◆ WORK TASK: Leaving out pictures, output exactly the lines below from the one that has "- VIN: KL7CJPSB9LB333188" through the one that has "Butternut, D.M., Prepared", and nothing else.

Segment Start: DATA UNDER STUDY

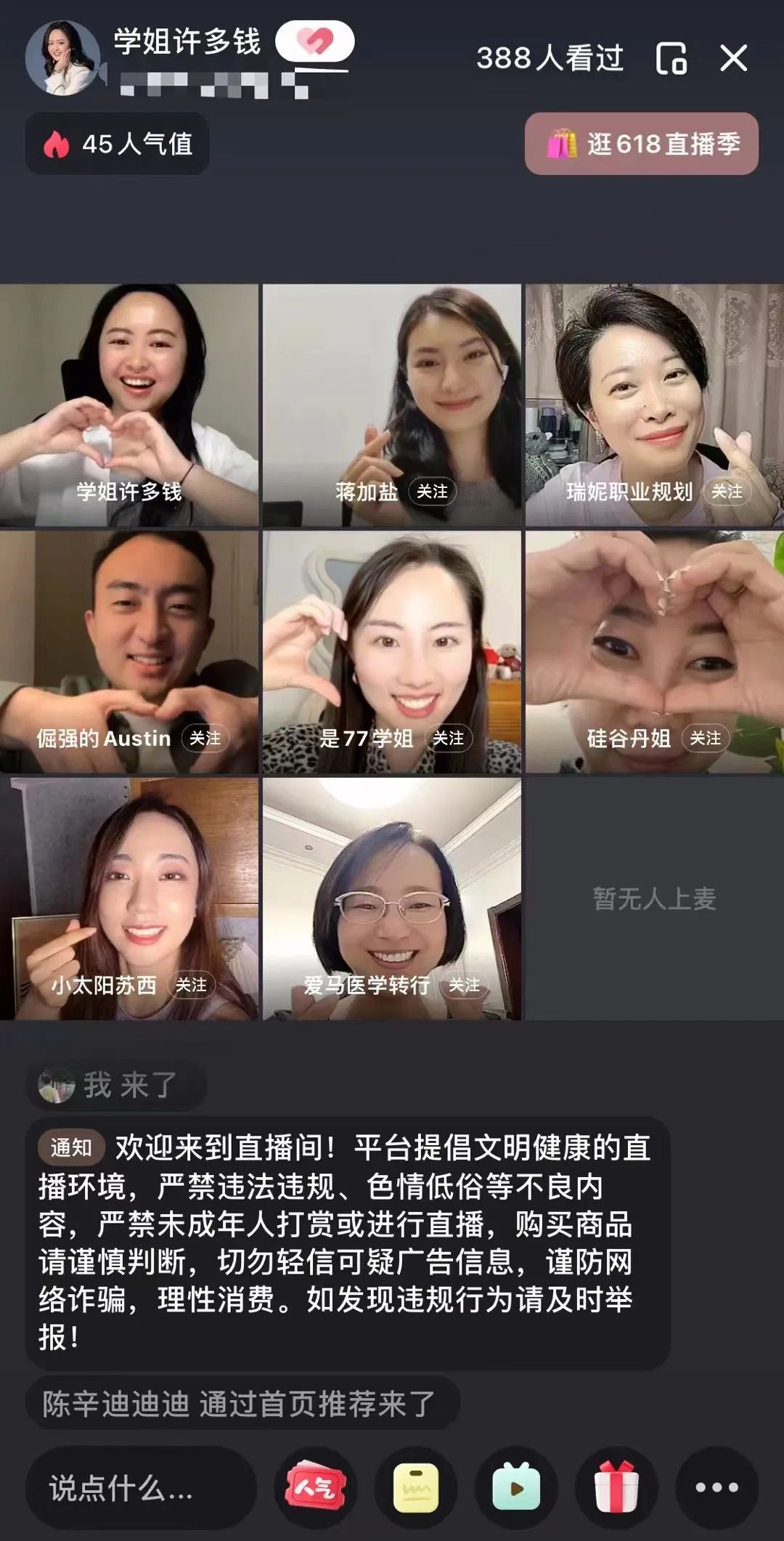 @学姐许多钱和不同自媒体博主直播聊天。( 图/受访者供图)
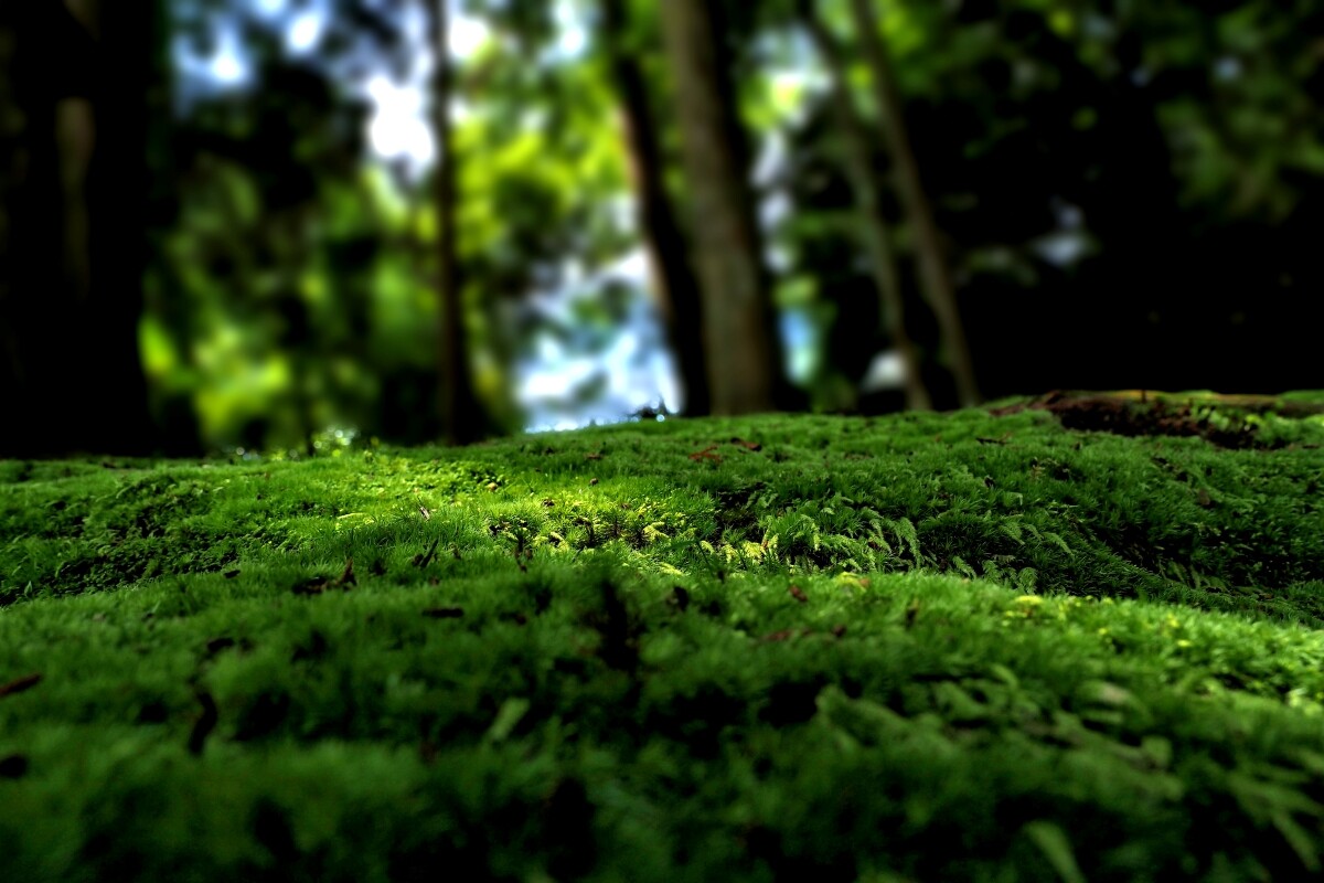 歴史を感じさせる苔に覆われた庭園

Segment End: DATA UNDER STUDY
Segment Start: DATA UNDER STUDY

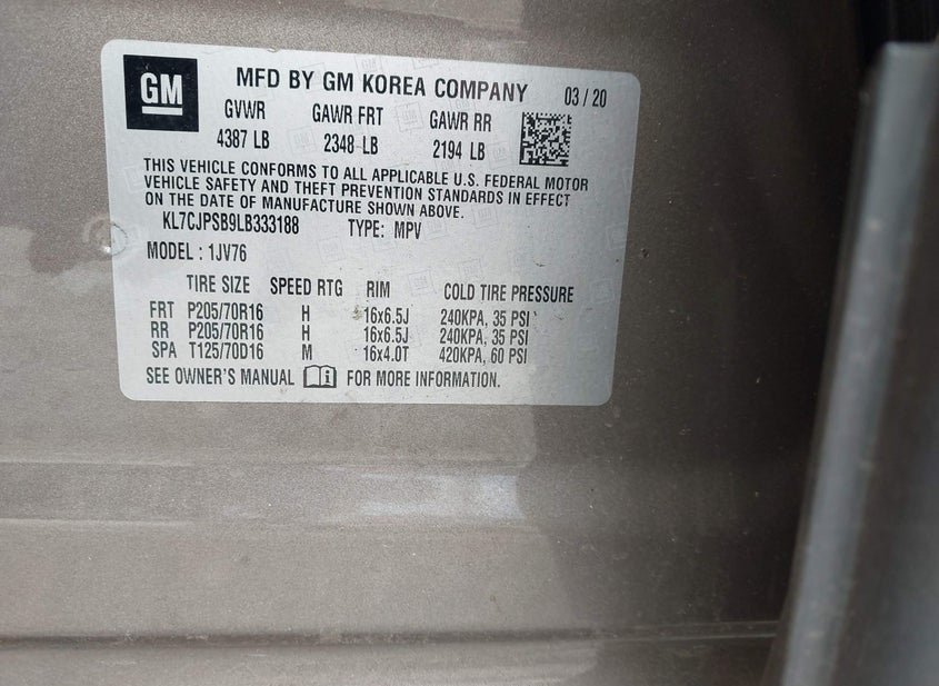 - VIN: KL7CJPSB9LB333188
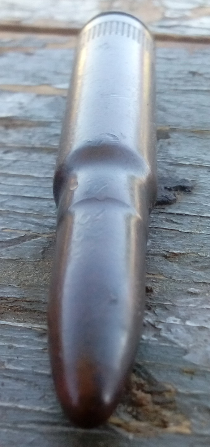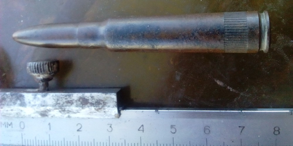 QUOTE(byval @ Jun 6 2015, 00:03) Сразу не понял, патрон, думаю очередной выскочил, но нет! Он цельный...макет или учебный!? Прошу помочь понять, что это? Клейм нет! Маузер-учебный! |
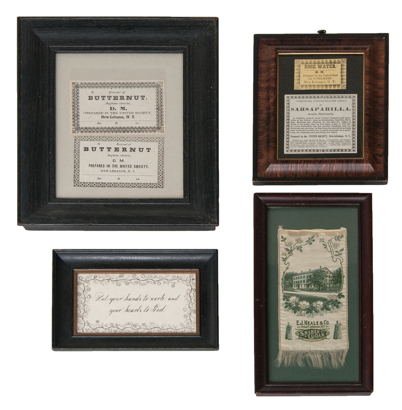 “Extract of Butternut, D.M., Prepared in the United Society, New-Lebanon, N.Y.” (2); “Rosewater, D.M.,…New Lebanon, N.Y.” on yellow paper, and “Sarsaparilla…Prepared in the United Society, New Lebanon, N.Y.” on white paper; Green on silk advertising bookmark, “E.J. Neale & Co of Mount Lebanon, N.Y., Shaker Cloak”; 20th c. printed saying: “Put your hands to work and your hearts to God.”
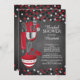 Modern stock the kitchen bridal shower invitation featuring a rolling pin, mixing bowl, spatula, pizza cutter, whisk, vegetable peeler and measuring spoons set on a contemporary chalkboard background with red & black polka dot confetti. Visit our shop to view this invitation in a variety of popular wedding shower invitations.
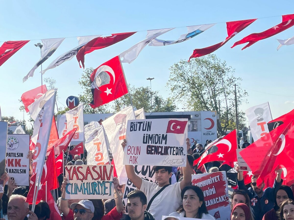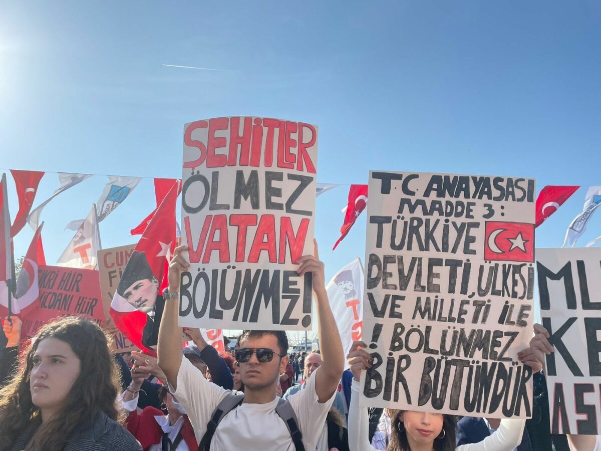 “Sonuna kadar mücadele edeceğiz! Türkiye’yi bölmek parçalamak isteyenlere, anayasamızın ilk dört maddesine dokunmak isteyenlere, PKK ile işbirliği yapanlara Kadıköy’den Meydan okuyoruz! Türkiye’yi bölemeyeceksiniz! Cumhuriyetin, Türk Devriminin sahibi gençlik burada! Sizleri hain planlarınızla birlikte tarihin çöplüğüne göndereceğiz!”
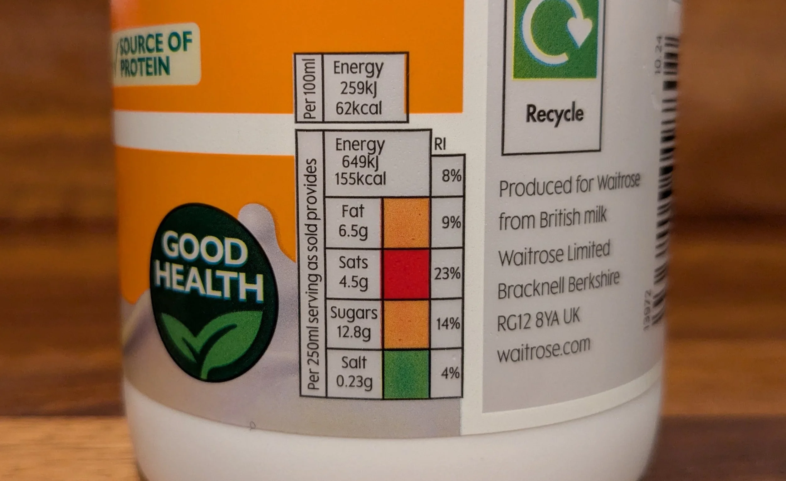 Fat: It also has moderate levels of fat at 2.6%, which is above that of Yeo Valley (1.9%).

Segment End: DATA UNDER STUDY
Segment Start: DATA UNDER STUDY

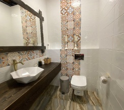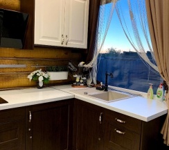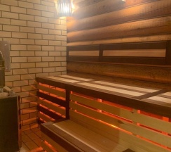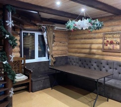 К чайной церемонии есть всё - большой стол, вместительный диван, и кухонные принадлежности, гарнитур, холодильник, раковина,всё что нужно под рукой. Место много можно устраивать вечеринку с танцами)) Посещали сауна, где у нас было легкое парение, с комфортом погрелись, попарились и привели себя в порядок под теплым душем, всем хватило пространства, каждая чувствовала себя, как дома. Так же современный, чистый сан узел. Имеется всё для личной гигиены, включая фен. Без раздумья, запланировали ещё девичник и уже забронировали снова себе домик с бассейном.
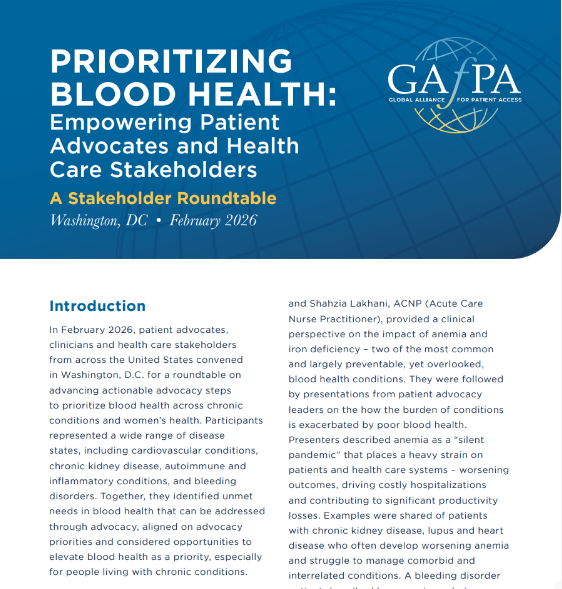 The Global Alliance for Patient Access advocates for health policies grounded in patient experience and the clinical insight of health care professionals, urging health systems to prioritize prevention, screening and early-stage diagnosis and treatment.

Segment End: DATA UNDER STUDY

◆ THE COMPLETED TASK:
 - VIN: KL7CJPSB9LB333188
 QUOTE(byval @ Jun 6 2015, 00:03) Сразу не понял, патрон, думаю очередной выскочил, но нет! Он цельный...макет или учебный!? Прошу помочь понять, что это? Клейм нет! Маузер-учебный! |
 “Extract of Butternut, D.M., Prepared in the United Society, New-Lebanon, N.Y.” (2); “Rosewater, D.M.,…New Lebanon, N.Y.” on yellow paper, and “Sarsaparilla…Prepared in the United Society, New Lebanon, N.Y.” on white paper; Green on silk advertising bookmark, “E.J. Neale & Co of Mount Lebanon, N.Y., Shaker Cloak”; 20th c. printed saying: “Put your hands to work and your hearts to God.”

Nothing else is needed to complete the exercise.